We will also assess heterogeneity using the chi-square test and I2 test [40]. If there is sufficient homogeneity (p > .10 and I2 < 50%) and sufficient trials reporting recruitment rate, enrollment rate, enrollment yield, and retention rate by disadvantaged status, we will pool studies into a meta-analysis to assess the effectiveness of strategies designed to maximize the inclusion of disadvantaged populations in RCTs. This is a dichotomous outcome that would be assessed via relative risk to assess for differences in outcome by disadvantaged status. We would calculate standardized mean differences if any important continuous outcomes arise. We will use a random effects model in our analysis to account for the variability in included disadvantaged populations and differences between subpopulations.

If the data are not appropriate for a meta-analysis, we will summarize these outcomes using SWiM reporting guidelines [39]. We will generate summary measures of our outcomes of interest across the studies to understand the distribution of recruitment, enrollment, and attrition rates across the included studies, and we will compare these results with established published rates of recruitment, enrollment, and attrition in the general population. We will also conduct subgroup analyses to look at these rates by recruitment approach and retention strategies.

We will examine how missing data is biasing our results; we will use funnel plots and Egger’s regression test to evaluate potential publication bias. We will look at the overall sample size of the study and see if we are missing any studies—e.g., studies with lower sample sizes and large attrition. Statistical significance will be assumed at p < .05.

Patient and public involvement

We will have ongoing participation of a patient partner throughout the duration of this project. The partner is a community member with lived experience with one or more of the social barriers described above. They showed an interest in contributing to research on the inclusion of disadvantaged participants in RCTs and have contributed to the development of the protocol. They will provide future guidance on the final systematic review as well as the communication and messaging of the review results.


The findings of the systematic review will enhance the data on disadvantaged population participation in RCTs, by compiling recruitment data for this population as well as by identifying evidence-based strategies for increased enrollment and retention. The baseline recruitment and enrollment metrics established in this systematic review will elucidate the scope of the challenge of recruiting such populations, especially when contextualized in the existing literature on recruitment metrics in the general population.
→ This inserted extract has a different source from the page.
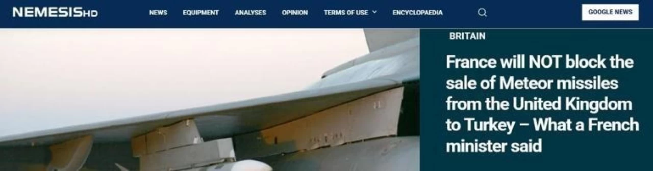 Yunanistan haber sitesi Nemesis'in haberine göre Fransa, İngiltere'nin Türkiye'ye uzun menzilli METEOR havadan havaya füzeleri satma olasılığına karşı çıkmayacağını açıkça belirtti. Bu durum, Yunanistan'ın endişelerine rağmen değişmeyecek. Fransa Silahlı Kuvvetler Bakanı Sébastien Lecornux, Fransız Parlamentosu'nda yapılan bir oturumda, milletvekili Marie Récalde'in sorusuna yanıt olarak, Paris'in İngiliz silah ihracatı üzerinde kontrolü olmadığını ve bu anlaşmaya müdahale etmeyi planlamadığını söylemesiyle ortaya çıktı. Habere göre Bakan Lecornux, "Fransa bu sürecin bir parçası değil. (...) İngiliz silah ihracatı üzerinde kontrolümüz yok." diyen Lecornu, konunun Yunan kamuoyunda yarattığı endişeyi de kabul etti."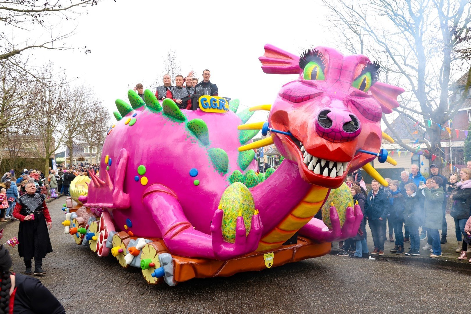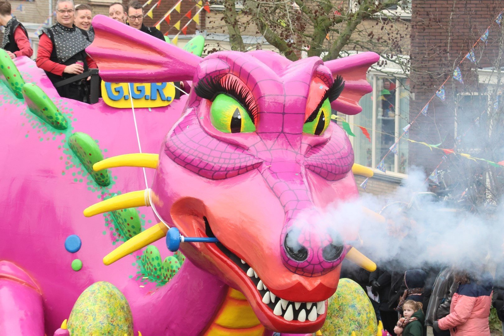 Dat de Goudgele Rakkers een draak van een wagen hadden is zeker niet lelijk bedoelt want het was letterlijk een draak van een wagen; een knalroze vriendelijke draak.

The COVID-19 pandemic has made clear that such information is critical; disadvantaged populations are disproportionately burdened by the disease yet difficult to recruit for ongoing vaccine trials [41].

We hope that our findings will promote future research on the distinct barriers that may prevent disadvantaged populations from participating in RCTs, will encourage more trials exploring effective, tailored recruitment strategies, and will establish a foundation to track future progress in recruiting disadvantaged populations.


This systematic review may be limited in that not all studies will adhere to a standard reporting guideline, and thus will not report all aspects of the recruitment and enrollment triad. Further, we anticipate that authors will employ different criteria and language for disadvantage within the PROGRESS-Plus framework; however, we accept this knowing that disadvantage is indeed context dependent. We anticipate this to be a limitation in our systematic review, as it may result in substantial heterogeneity for most outcomes.

Dissemination and amendments

Results will be disseminated through conference presentations and publication in a peer-reviewed journal. Any amendments made to this protocol when conducting the review will be outlined in PROSPERO and reported in the final manuscript.